My name is Hathaway. I’m what you would call a private eye, I guess, though I have a rather specialized clientele: the thousands of conniving, paranoid greedheads who make up the record business in LA. With a little luck, I’ve had some successes. It was me that found Jerry Garcia in a coma, just about 30 seconds before the start of that never-ending jam in the sky. Another big favor I did the world: Someone made off with the masters to Whitney Houston’s second album. Clive Davis said he’d make me the godfather of his child if I found them. I did–at the home of a fanatical collector who knew more than you’d ever want to know about 50 pop stars and around 20 guns to boot. I took the tapes and his guns, but didn’t bother to turn him in. Instead I accidentally let it get out that he was still running around loose; the knowledge that guys like him are out there helps keep a lid on things in LA. I gave Davis back the tapes, but haven’t heard from him lately.
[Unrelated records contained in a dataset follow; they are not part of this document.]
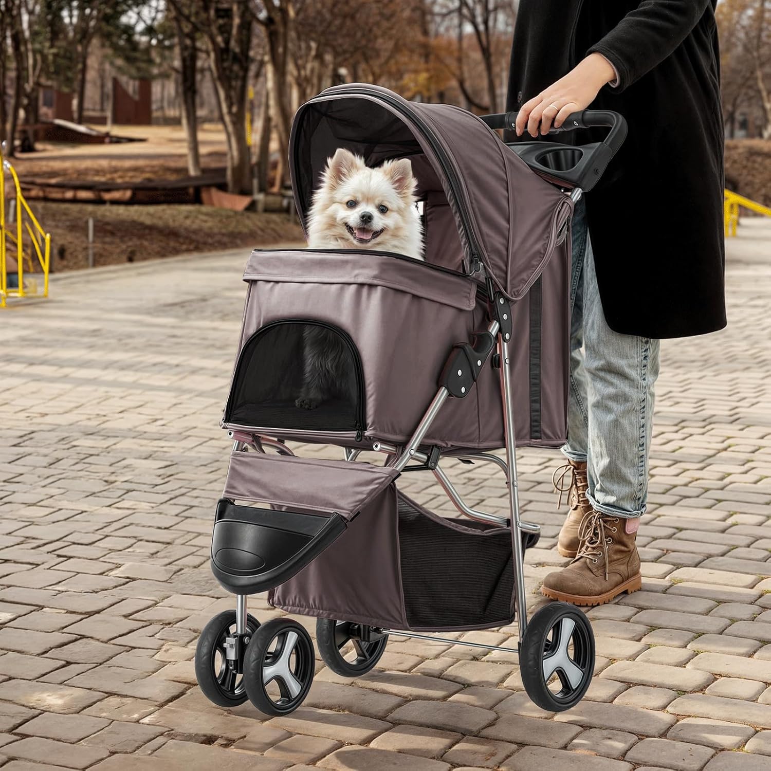 MoNiBloom Foldable Dog Strollers for Small Dogs with Weather Cover, 3 Wheels Pet Strolling Cart for Dogs and Cats with Storage Basket and Cup Holder, Breathable and Visible Mesh for All-Season, Coffee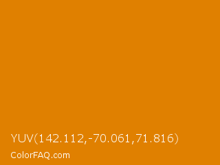 YUV 142.112,-70.061,71.816 Color is a normal orange color and the nearest color is Fulvous #e48400. Hex code #e08000 and RGB value is rgb(224,128,-0). In RGB color space, this color is composed of 88% red, 50% green, 0% blue, In CMYK color space, this color is composed of 0% cyan, 43% magenta, 100% yellow , 12% black , In HSL color space, this color has a hue angle of 34° , 100% saturation and 44% lightness.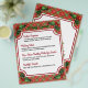 En vacker julmålare i bord (daglig specialmeny) med anpassade-menyspecialitet på bakgrund av rödplätering i julklapp med mull- och bäraccenter. Underbar för din restaurang helgdag bord eller helgdag barrumsmat.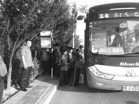 13日,乘客排队乘坐“守时公交”。本报记者 官文涛 摄

I also have another sort of rep: less action, more problem solving. Again, it’s not that big a deal–in LA, Paula Abdul is considered to be quite the mistress of the brainwaves. But I did tell Bono that The Juniper Bush was not the right name for a breakout album. So when people have a problem, they call me.

Which explains why I was walking into this Century City office on the coldest morning I could remember. I can’t tell you what label it was, or the name of the guy whose office I was in. I can’t even tell you the name of the kid he pushed in front of me when I walked in the door. But you’d know them all. In a second. The kid had sold ten million records the year before. The office was the size of a small airplane hangar. Its owner was a thin guy whose painted-on tan couldn’t hide the fact that his skin was nearly translucent. He tended to stay near the walls, wraithlike in the shadows. He grinned terribly, so that you could see only his teeth.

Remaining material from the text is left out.